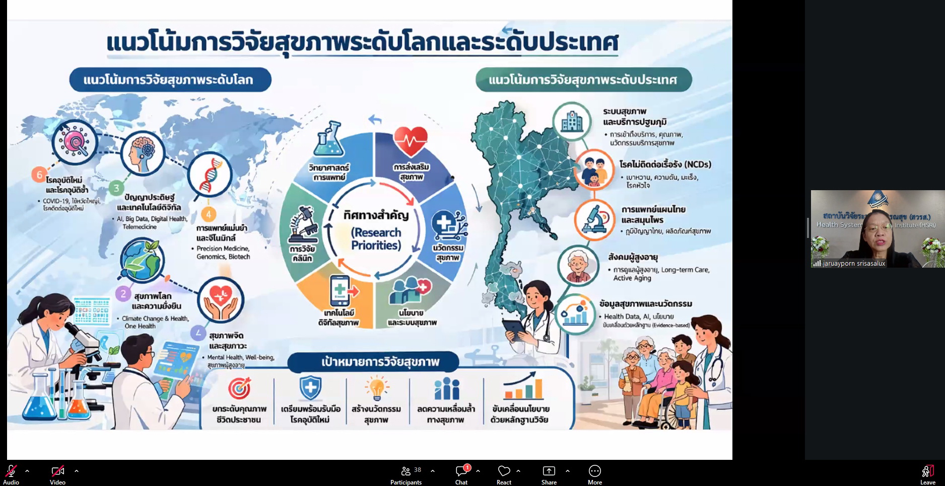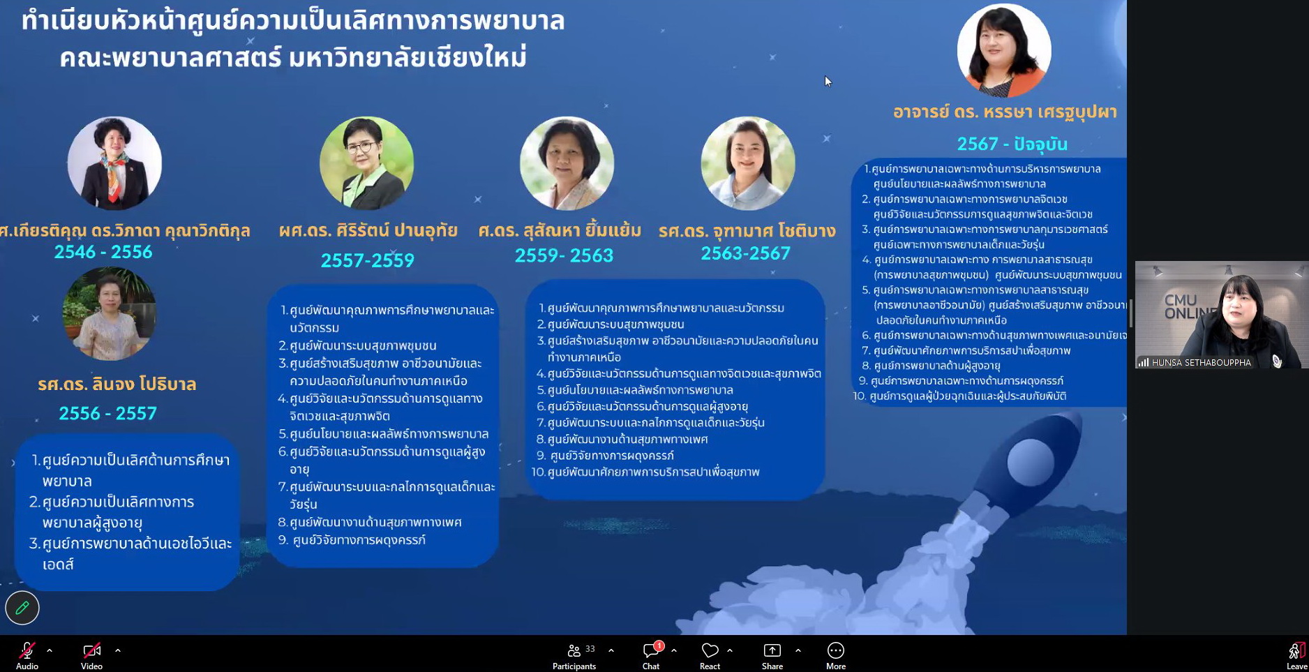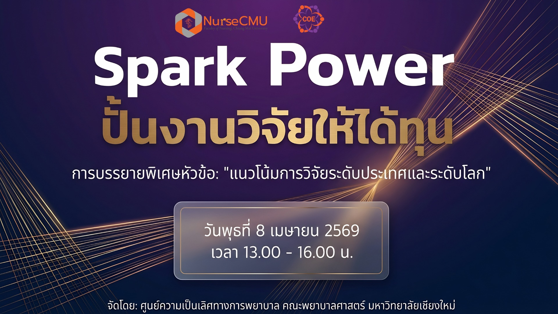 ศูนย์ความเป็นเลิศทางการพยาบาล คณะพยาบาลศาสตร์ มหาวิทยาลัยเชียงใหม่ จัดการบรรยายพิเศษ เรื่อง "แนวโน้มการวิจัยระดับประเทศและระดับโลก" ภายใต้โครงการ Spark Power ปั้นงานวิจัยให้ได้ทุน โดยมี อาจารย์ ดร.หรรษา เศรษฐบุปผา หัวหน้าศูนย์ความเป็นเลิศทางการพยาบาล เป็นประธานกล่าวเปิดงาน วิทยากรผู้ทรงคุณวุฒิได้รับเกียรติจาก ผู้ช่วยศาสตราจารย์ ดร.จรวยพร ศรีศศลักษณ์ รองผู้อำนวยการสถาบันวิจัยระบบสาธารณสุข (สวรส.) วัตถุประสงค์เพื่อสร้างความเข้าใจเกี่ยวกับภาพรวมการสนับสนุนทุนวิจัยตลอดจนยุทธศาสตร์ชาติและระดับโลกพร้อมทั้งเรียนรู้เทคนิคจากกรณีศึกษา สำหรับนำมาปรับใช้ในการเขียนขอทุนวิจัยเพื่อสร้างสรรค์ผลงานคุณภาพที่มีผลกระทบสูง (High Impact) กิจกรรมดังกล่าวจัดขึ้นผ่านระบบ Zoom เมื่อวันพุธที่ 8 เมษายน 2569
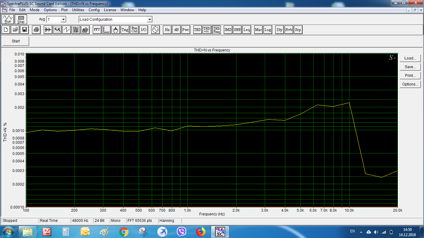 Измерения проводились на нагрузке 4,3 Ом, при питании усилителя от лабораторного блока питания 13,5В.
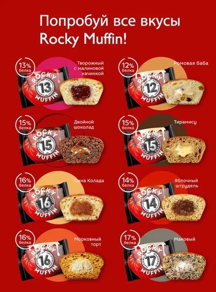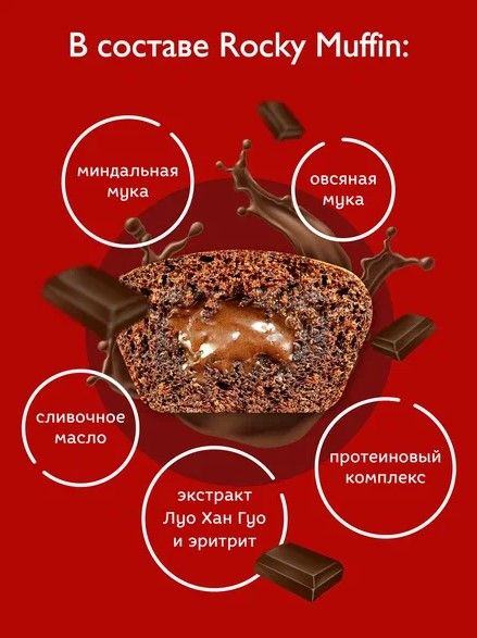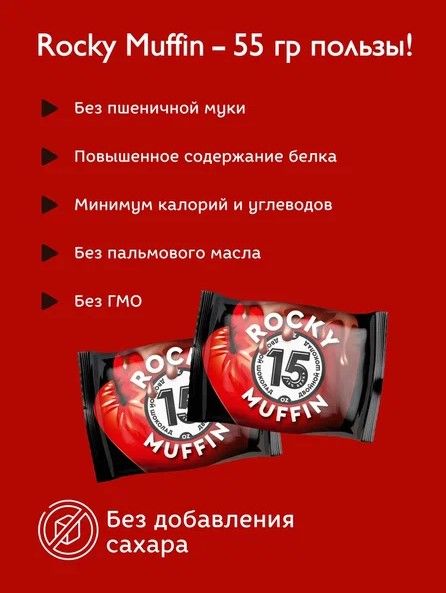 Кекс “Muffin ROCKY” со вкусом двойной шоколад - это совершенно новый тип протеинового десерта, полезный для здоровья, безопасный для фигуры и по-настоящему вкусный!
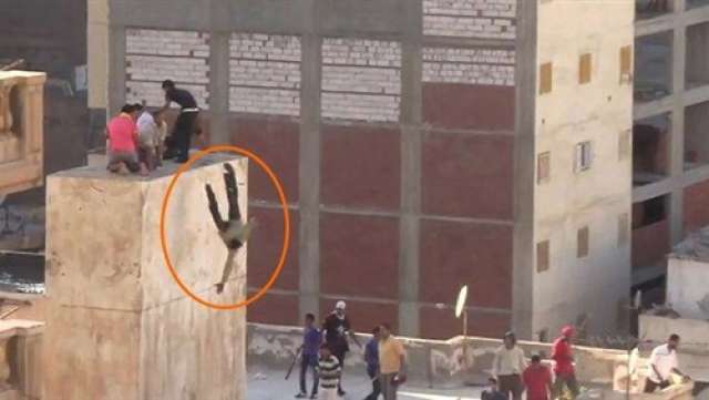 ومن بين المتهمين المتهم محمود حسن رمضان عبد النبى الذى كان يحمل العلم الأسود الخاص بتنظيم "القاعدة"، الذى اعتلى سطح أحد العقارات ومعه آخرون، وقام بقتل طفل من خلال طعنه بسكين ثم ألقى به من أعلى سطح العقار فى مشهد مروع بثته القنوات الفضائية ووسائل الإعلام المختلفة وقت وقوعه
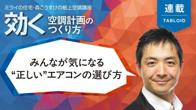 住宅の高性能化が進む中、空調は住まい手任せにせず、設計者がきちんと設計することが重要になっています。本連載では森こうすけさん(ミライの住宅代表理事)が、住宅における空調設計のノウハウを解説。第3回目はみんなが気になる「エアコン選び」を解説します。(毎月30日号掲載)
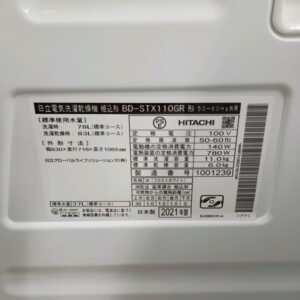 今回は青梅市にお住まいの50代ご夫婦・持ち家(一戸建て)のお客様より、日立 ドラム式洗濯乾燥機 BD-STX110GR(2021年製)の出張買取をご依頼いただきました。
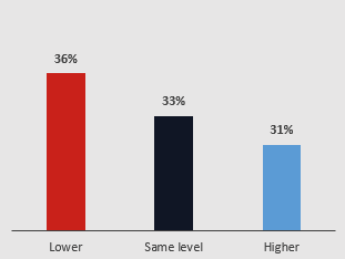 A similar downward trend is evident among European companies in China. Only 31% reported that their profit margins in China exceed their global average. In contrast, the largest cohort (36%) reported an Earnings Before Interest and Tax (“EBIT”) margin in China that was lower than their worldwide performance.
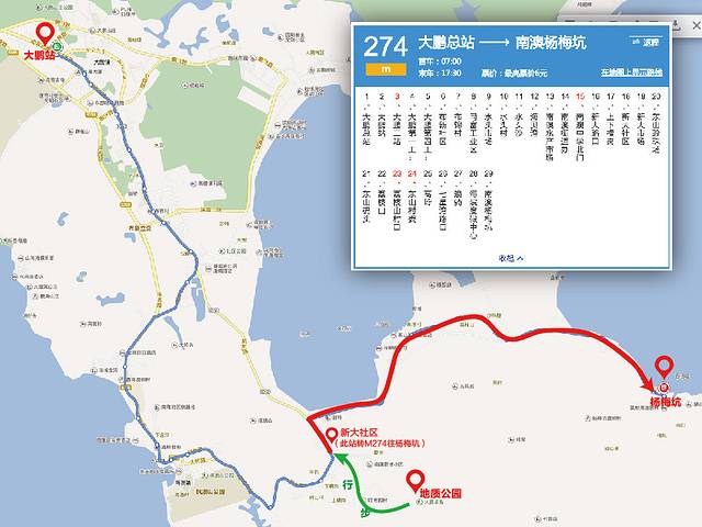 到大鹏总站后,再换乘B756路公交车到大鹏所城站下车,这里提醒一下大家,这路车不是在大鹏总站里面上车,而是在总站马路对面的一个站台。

******

Task
Output exactly the lines from the line with "ومن بين المتهمين" to the last line of the records, including both, and leave every picture out.

Expected answer
 ومن بين المتهمين المتهم محمود حسن رمضان عبد النبى الذى كان يحمل العلم الأسود الخاص بتنظيم "القاعدة"، الذى اعتلى سطح أحد العقارات ومعه آخرون، وقام بقتل طفل من خلال طعنه بسكين ثم ألقى به من أعلى سطح العقار فى مشهد مروع بثته القنوات الفضائية ووسائل الإعلام المختلفة وقت وقوعه
 住宅の高性能化が進む中、空調は住まい手任せにせず、設計者がきちんと設計することが重要になっています。本連載では森こうすけさん(ミライの住宅代表理事)が、住宅における空調設計のノウハウを解説。第3回目はみんなが気になる「エアコン選び」を解説します。(毎月30日号掲載)
 今回は青梅市にお住まいの50代ご夫婦・持ち家(一戸建て)のお客様より、日立 ドラム式洗濯乾燥機 BD-STX110GR(2021年製)の出張買取をご依頼いただきました。
 A similar downward trend is evident among European companies in China. Only 31% reported that their profit margins in China exceed their global average. In contrast, the largest cohort (36%) reported an Earnings Before Interest and Tax (“EBIT”) margin in China that was lower than their worldwide performance.
 到大鹏总站后,再换乘B756路公交车到大鹏所城站下车,这里提醒一下大家,这路车不是在大鹏总站里面上车,而是在总站马路对面的一个站台。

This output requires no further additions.